— Он одурачил меня с самого начала, Лу. Я не верю своим собственным суждениям. Я снова и снова ошибалась в нем. Все дело в том, что никто из нас не верит, что поджигателем является Гарман. Но нам никогда и никого не удастся убедить в этом, пока мы не узнаем, что вынудило его сделать признание.
— Он защищает кого-то, — сказал Болдт, повторяя предположение, высказанное ею ранее.
— Если только он не защищает самого себя, — заметила она, чем привела его в замешательство. — Если только в нем не уживаются два человека: пожарный инспектор и поджигатель. И если только пожарный инспектор не превратился в конце концов в поджигателя. — Она вытащила фотографию. — Вот тебе камень преткновения: его бывшая жена. — Она убрала руку, и Болдт увидел счастливое лицо женщины, которая улыбалась ему с фотографии.
— Горошины в стручке, — сказала она, доставая одну из последних семейных фотографий Дороти Энрайт. Сходство Энрайт и бывшей жены Гармана было поразительным.

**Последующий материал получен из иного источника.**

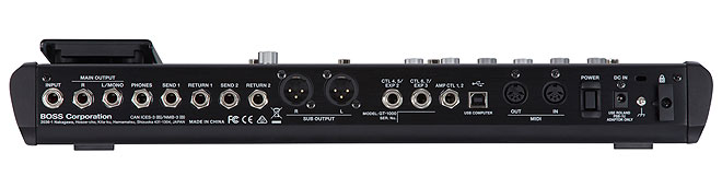 ▲リアパネルには標準フォーン、XLRの出力端子に加え、2系統のSEND/RETURN、MIDI入出力、USB、ヘッドホン出力、各種コントロール用の端子を用意。

Болдт переводил взгляд с одного фотоснимка на другой. — Невероятно.
— Проблема с пожарами состоит в том, что в огне сгорают жертвы, а также альбомы с их фотографиями, снимки в рамочках над кроватями. А нам остаются фотографии пятнадцатилетней давности. А мы, женщины, со временем меняемся. Мы идем в ногу с модой. Мы с тобой стали жертвами этих пожаров — ты и я, Лу, — потому что работали со снимками, из которых не поймешь, как эти женщины выглядят сейчас. Вот фотография Мелиссы Хейфиц, которая
— Проклятье! — воскликнул Болдт. Еще один кусочек его головоломки.
— Вот что заводит его, Лу: этот самый вид, эта самая внешность.
— Получается, что, в конце концов, это может быть Гарман? — задал неудобный вопрос Болдт. Ему не хотелось в это верить. — Он защищает себя от
— Ни за что, — сказала психолог, которая и подсунула ему эту версию. — Хотя найти аргументы в ее поддержку достаточно легко.
— Ты смеешься надо мной, — проговорил он.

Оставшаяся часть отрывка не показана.